**EXERCISE DETAILS**. Records follow. Print exactly the lines from the one that has "A retro look" through the one that has "DeFacto - تيشرت", inclusive, and omit the pictures.
━━━━━━━━━━━━━━━━
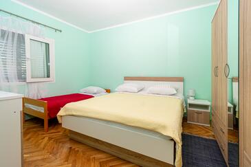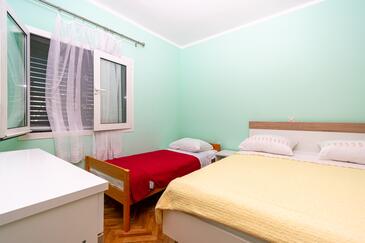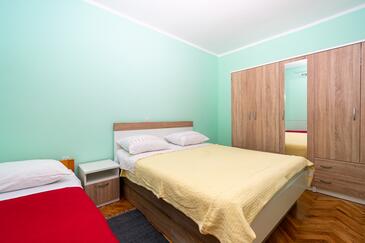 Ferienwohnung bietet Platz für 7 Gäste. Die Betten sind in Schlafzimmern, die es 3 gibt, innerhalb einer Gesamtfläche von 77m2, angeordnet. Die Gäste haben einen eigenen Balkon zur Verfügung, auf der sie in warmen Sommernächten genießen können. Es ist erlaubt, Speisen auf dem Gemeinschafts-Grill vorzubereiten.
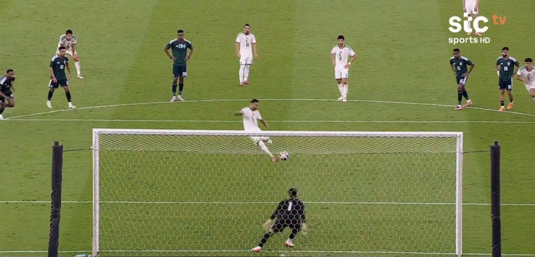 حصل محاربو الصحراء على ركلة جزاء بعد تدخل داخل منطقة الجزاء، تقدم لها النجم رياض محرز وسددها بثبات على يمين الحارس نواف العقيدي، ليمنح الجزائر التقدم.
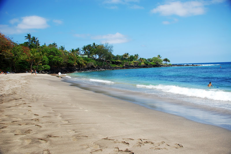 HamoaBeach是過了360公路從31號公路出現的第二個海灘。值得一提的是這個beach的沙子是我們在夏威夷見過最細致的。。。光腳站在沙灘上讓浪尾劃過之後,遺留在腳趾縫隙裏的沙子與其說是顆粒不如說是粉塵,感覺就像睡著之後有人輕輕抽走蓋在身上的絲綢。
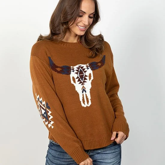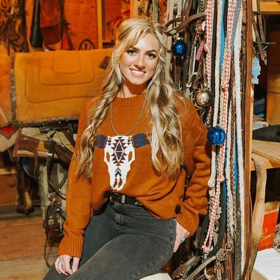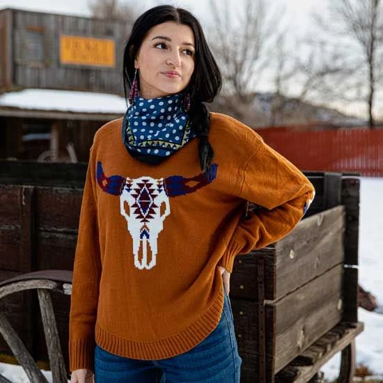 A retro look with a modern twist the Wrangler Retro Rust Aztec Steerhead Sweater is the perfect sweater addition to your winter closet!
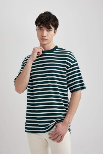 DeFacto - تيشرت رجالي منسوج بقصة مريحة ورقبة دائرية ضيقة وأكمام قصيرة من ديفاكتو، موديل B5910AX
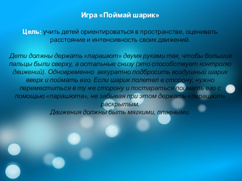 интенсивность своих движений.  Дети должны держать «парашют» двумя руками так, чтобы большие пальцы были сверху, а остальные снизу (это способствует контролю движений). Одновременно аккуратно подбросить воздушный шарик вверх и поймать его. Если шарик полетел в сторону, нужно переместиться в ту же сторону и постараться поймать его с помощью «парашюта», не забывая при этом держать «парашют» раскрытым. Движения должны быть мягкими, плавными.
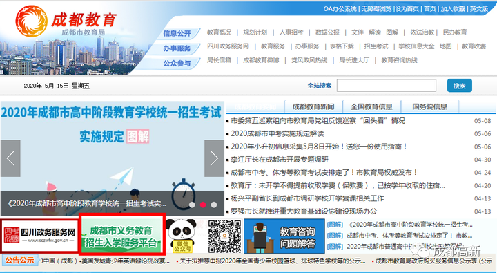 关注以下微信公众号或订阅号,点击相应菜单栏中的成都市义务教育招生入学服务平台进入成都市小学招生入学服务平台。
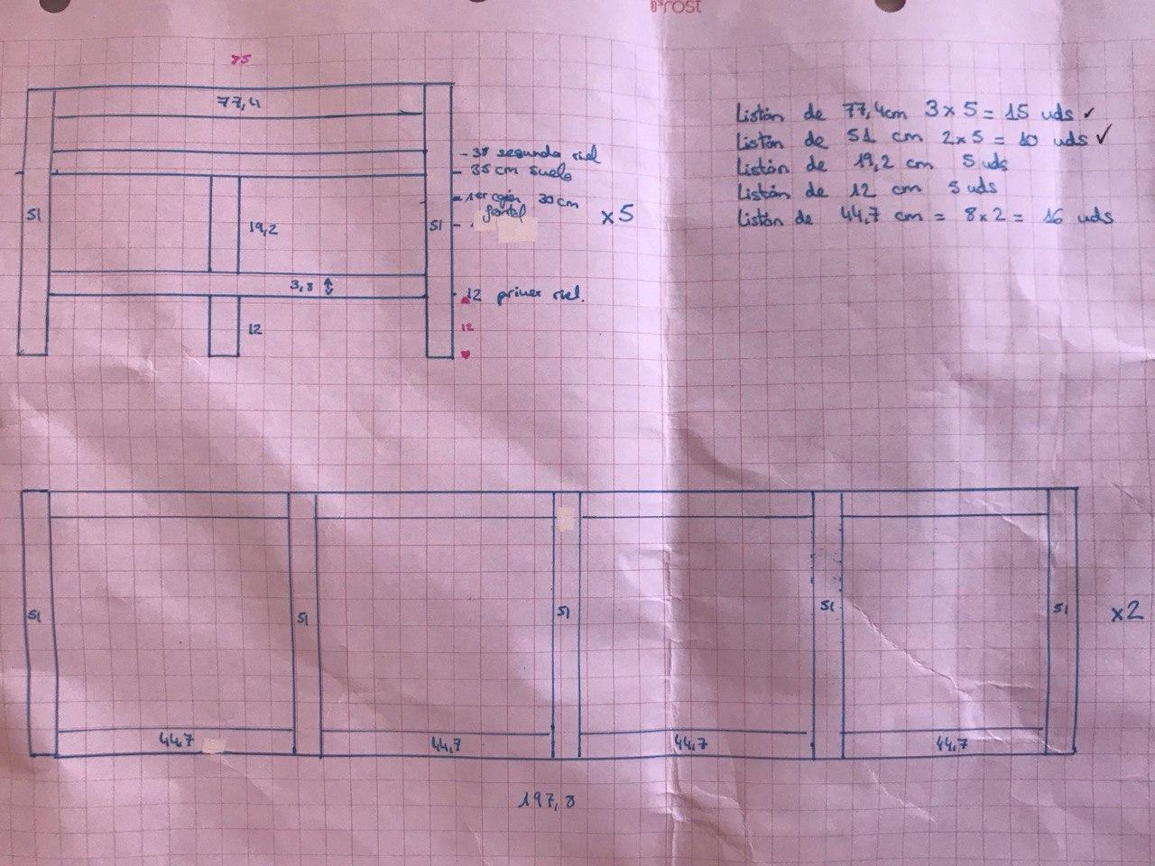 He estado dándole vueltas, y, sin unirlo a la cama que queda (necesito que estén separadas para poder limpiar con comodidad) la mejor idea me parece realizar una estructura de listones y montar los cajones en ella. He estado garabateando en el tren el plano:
━━━━━━━━━━━━━━━━
**EXPECTED ANSWER**.
 A retro look with a modern twist the Wrangler Retro Rust Aztec Steerhead Sweater is the perfect sweater addition to your winter closet!
 DeFacto - تيشرت رجالي منسوج بقصة مريحة ورقبة دائرية ضيقة وأكمام قصيرة من ديفاكتو، موديل B5910AX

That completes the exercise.